I have loved a few of Kay Ryan’s poems for a time, but only recently have I read any of her poetry in bulk. (An awful word for poetry collections, I admit, but I’m not implying any sort of speed in reading them.) Then I found this collection of her essays and — between the poems and the prose, she has quickly become one of my favorite writers on the planet.

Writing about Marianne Moore’s poetry, Ryan remarks, “She commonly looks at something quite remote and rustic … and it explodes in a variety of alarming directions.”

“Yet in another way,” she says, “observation is just the detonator for an explosion of private associations, glittering in their rhetorical arcs, and upon there descent into the reader’s brainpan randomly meaningful and meaningless.”

I love reading, love all the glittering, meaningful and meaningless rehetorical arcs.


Finished Reading (2023): Natality: Toward a Philosophy of Birth by Jennifer Banks 📚

An excellent biographical-philosophical flyover and a much needed spark to shift our thinking. There’s definitely room for her “Philosophy of Birth” to grow.

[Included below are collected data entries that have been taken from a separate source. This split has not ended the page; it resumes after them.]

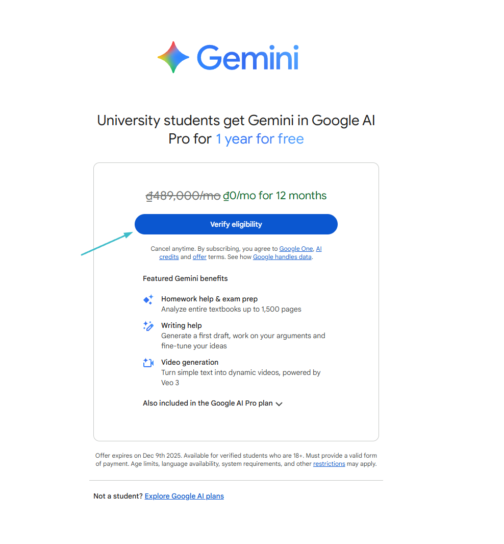của bạn : Gemini 2.5 Pro Deep Research VEO 3 Dung lượng lưu trữ 2TB Không giới hạn Không cần tài liệu Không rối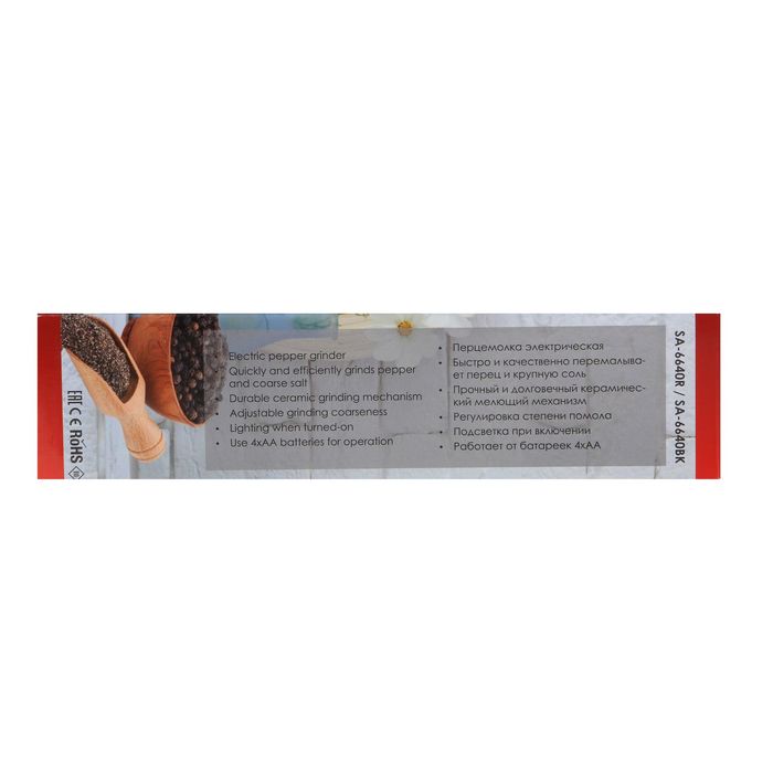 Быстро перемолоть перец и специи — простая задача для электрической мельницы Sakura SA-6640BK. Долговечный и прочный керамический механизм, регулировка степени помола, подсветка при включении порадуют и сэкономят время для приятных моментов жизни.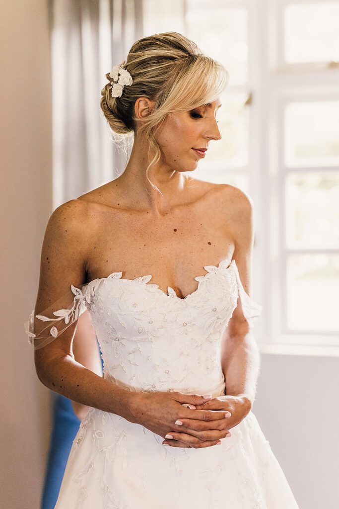 Classic, ethereal, and timeless was the look I was going for. Due to the detail on the bodice of the dress, I wanted to make sure I didn’t overdo it when it came to accessories.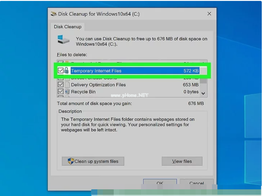 3、單擊以選中“Internet 臨時文件”和“臨時文件”旁邊的復選框。您將看到它們將在列的右側釋放多少空間。最后,點擊OK。該框將消失,您會看到刪除的進度條,完成后會消失。

Each person, in simply being born, creates an opportunity for history to begin again. … We are more than history’s byproducts; we are instead creative participants in history, nature, and time. A human is born a tiny, infinitesimal piece of some massive whole, but that macrocosm is not impervious to the smallness of our individual births.


Finished Reading: Neither Beast Nor God: The Dignity of the Human Person by Gilbert Meilaender 📚

Thoughtfulness is an understatement when it comes to Meilaender. In each of his books, I always appreciate his nonrelativist, both-and approach.

Thinking seriously about human dignity should compel us to ask whether freedom and consent are really all we ought to care about—to ask whether being human means nothing more than the freedom to shape and reshape ourselves, or whether it also means honoring the embodied character of our life and affirming some of its limits.


Finished Reading: Gilead by Marilynne Robinson 📚

Third time in this book, and I love it equally each time — its meditative depths of simplicity, or some such paradox.

Nan Shepherd said that “simply to look on anything, such as a mountain, with the love that penetrates to its essence, is to widen the domain of being in the vastness of non-being. Man has no other reason for his existence.” I can think of no better description at the heart of this book, and of Robinson’s writing in general.